In order to prevail in golf, you need to know the nuances of the game. Likewise, physicians should know how to navigate HIPAA.
Anyone who has picked up a golf club can appreciate how challenging the game is. As a friend of mine, who happens to work for The Golf Channel reminded me, in order to prevail in golf you need to have a strategy; yet, be flexible enough to adapt to the conditions. One "condition" that has been emphasized in HIPAA compliance by the HHS is that the new round of audits will extend to business associates (BAs) as well as covered entities. Most practices anticipate HHS to come in; however, the FTC is also tasked with HIPAA violations.

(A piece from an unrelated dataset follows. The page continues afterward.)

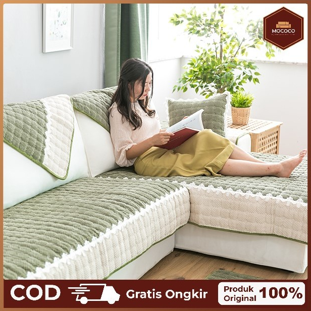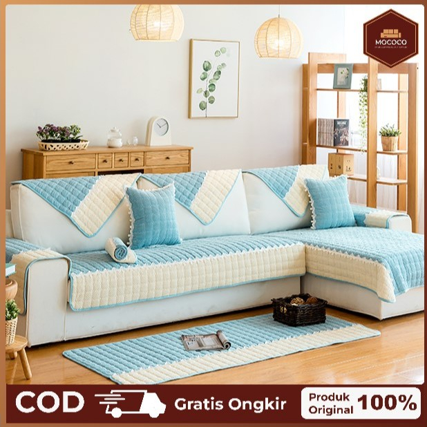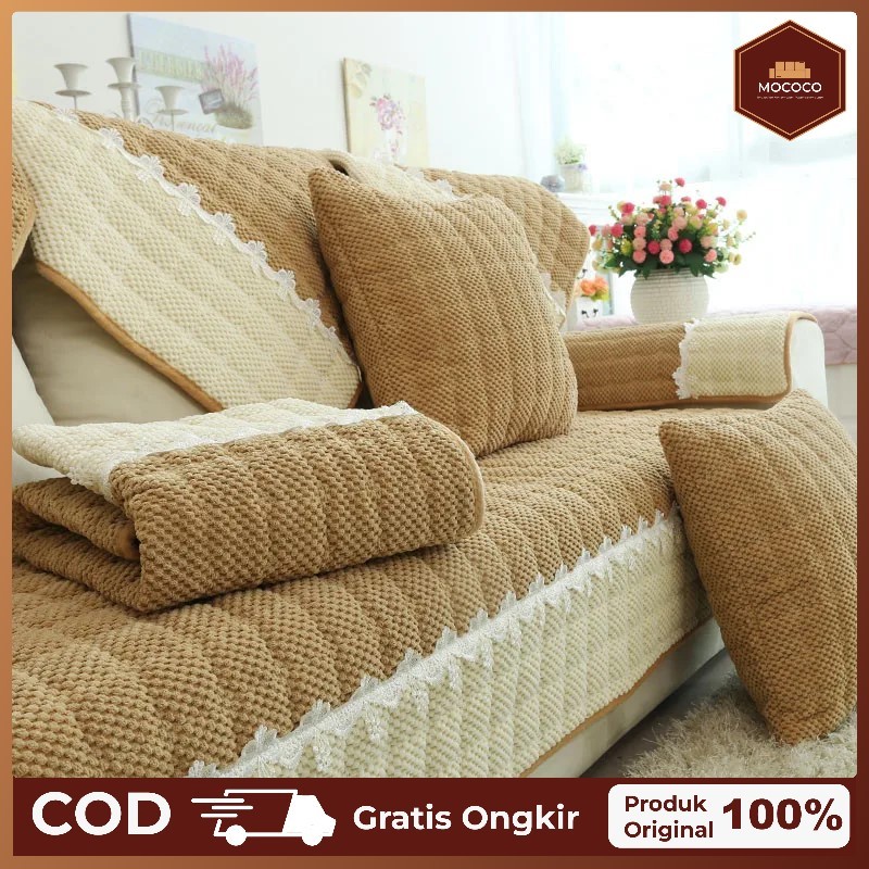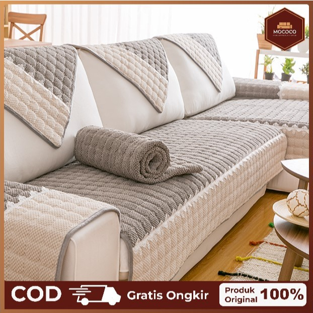 Mococo Cover Alas Sarung Sofa Mewah 1 2 3 4 Seater Penutup Kursi Sofa Ruang Tamu Antislip Anti Dust

A fundamental premise of HIPAA is the protection of sensitive health and billing information. The FTC is seeking assurances from Apple that "it will protect sensitive health data collected by its upcoming smart-watch and other mobile devices from being used without owners' consent." The emphasis here is gaining assurances from Apple that it will not sell the protected health information, which can include metadata, to third parties. These entities could include marketers or developers.
This should signal physicians to assess what their game strategy is in relation to their notice of privacy practices. The Final Rule modified PHI disclosure requirements. Section 164.520(b)(1)(ii)(E) to expand the requirements, including the need to obtain authorization in The Notice of Privacy Practices (NPP) when PHI will be released for marketing and subsidized treatment purposes. But, does even executing an expanded NPP give protection to a business associate such as Apple? Since the sale of PHI and other disclosures not included in the NPP need to be authorized in writing by the patient, it is highly unlikely.
A good place for physicians to start is to execute a Business Associate Agreement (BAA) with companies such as Apple. Clearly, an "app" and the companies that provide them do not qualify under the conduit exception. This means that HIPAA, the HITECH Act, and all subsequent regulations apply to them. Physicians should take the time to update their BAA to conform to the related sections of the Code of Federal Regulations (CFR), such as section 164.508(b)(5), which enables a patient to revoke a previous authorization.
In sum, physicians need to have a strategy. I recommend looking at HIPAA like a golfer would a hole on a golf course. Where are the hazards, what club do I need to use, what do I need to adapt to land the ball on the green, and what gear to I need to wear? For this area of HIPAA compliance, a hazard is an unauthorized disclosure and sales of information, the two key clubs are a specific BAA and revised NPP, and knowing with full disclosure that the weather could change by the patient revoking the disclosure. Keep a watch on what is going on nationally - the FTC and HHS websites are good places to start.